Four-μm-thick sections were serially cut from the TMAs blocks, mounted on pre-coated slides and dried for at least 10 minutes at 56°C. Subsequently, sections were deparaffinized and rehydrated by a series of xylene and ethanol. Endogenous peroxidase activity was blocked by 15 minutes incubation in 1,5% (Claudin-4, EGFR, CAIX and GLUT-1) or 3% (IGF1R) H2O2 in phosphate buffer. Antigen retrieval for EGFR was performed by Proteinase K (Dako, Glostrup, Denmark) for 5 minutes and henceforth incubation with a protein block (Novolink kit; Novocastra, RE7102) for 5 minutes. For Claudin-4, CAIX and GLUT-1 antigen retrieval was performed by boiling in citrate buffer pH 6.0 for 20 minutes, followed by a cooling down period of 30 minutes. For IGF1R, slides were boiled in EDTA pH 9.0 for 20 minutes. Next, the primary antibodies to EGFR (Zymed, 28–8763, clone 31G7, 1:50), Claudin-4 (Invitrogen 32–9400, clone 3E2C1, 1:100), CAIX (Abcam, Ab15086, 1:1000), GLUT-1 (Dako, A3536, 1:200) and IGF1R (Novus Biologicals Cambridge, NB110-87052, 1:400) were incubated overnight (EGFR) or for 60 minutes at room temperature (Claudin-4, CAIX, GLUT-1 and IGF1R). Hereafter, sections were incubated with a Post Primary Block from the Novolink kit (Novocastra, RE7111) for EGFR, or with the secondary antibody Brightvision poly-HRP anti-mouse, rabbit, rat (Immunologic, Duiven, The Netherlands, DPVO500HRP), for 30 minutes in case of Claudin-4, CAIX, GLUT-1 and IGF1R. Next, sections were incubated with a Novolink polymer (Novocastra, RE7112) for 30 minutes and with the Novolink DAB kit for 5 minutes (EGFR), or directly incubated with DAB substrate for 10 minutes (Claudin-4, CAIX, GLUT-1 and IGF1R). Subsequently sections were counterstained with haematoxylin, dehydrated in graded ethanol and xylene and coverslipped.

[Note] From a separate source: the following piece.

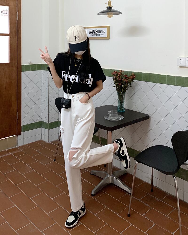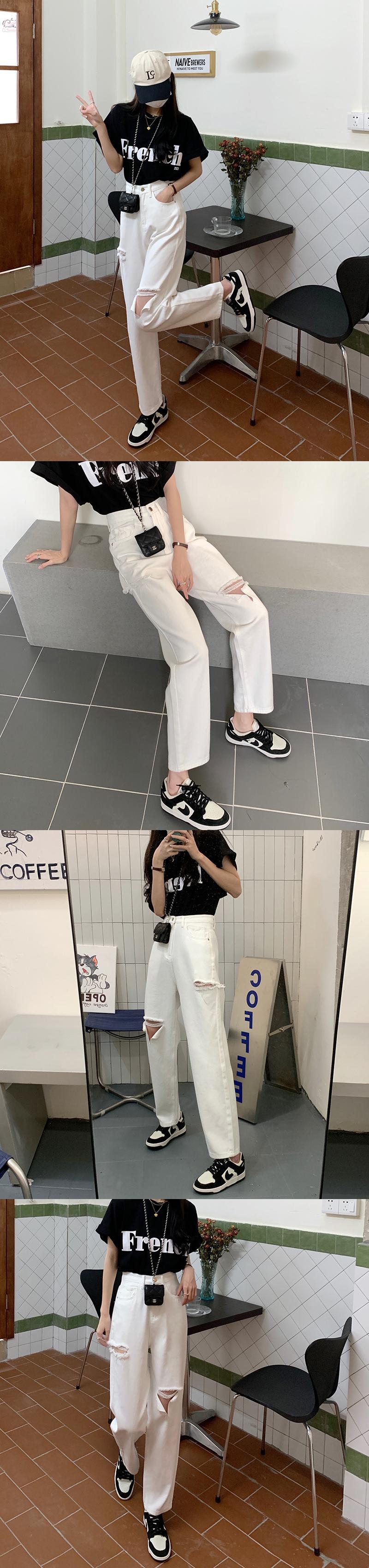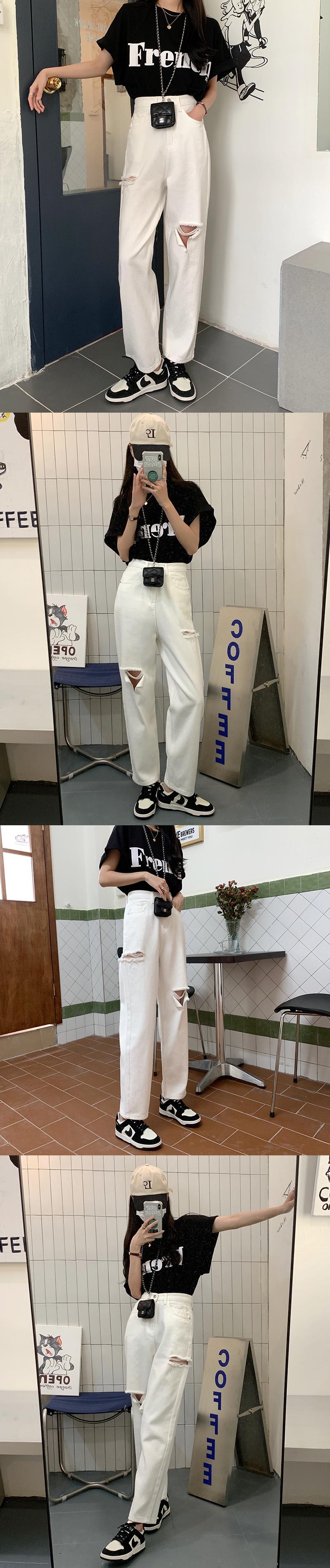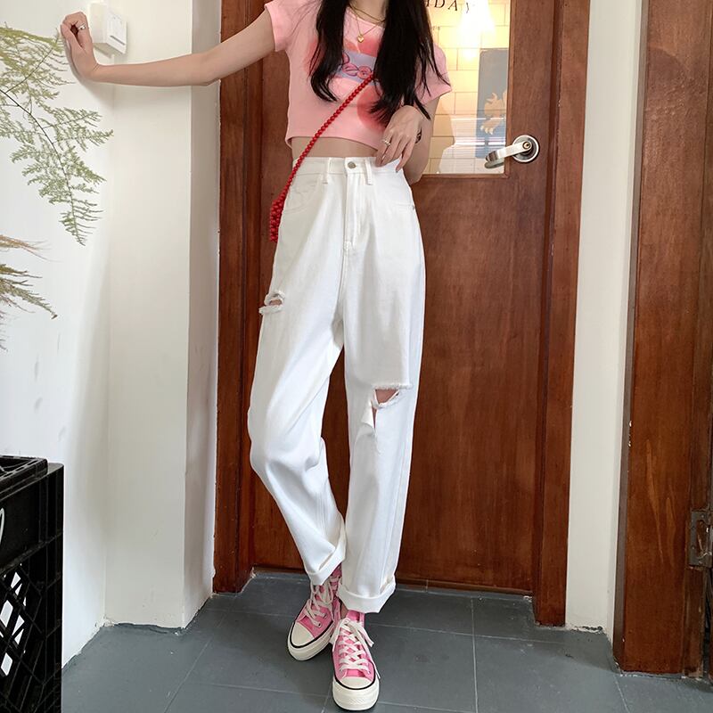 ホワイトハイウェストウェストジーンズ サマールーズ薄手 夏物 クレセントシティ11159976543

Scoring was done by consensus of two observers including an experienced pathologist (PvD), who were blinded to patient characteristics and results of other stainings. Included positive controls comprised normal breast tissue for Claudin-4, tissue harvested from mice injected with human tumor cells expressing CAIX for CAIX, placenta tissue for GLUT-1 and tissue from breast cancer for EGFR and IGFR. Negative controls were obtained by omission of the primary antibodies.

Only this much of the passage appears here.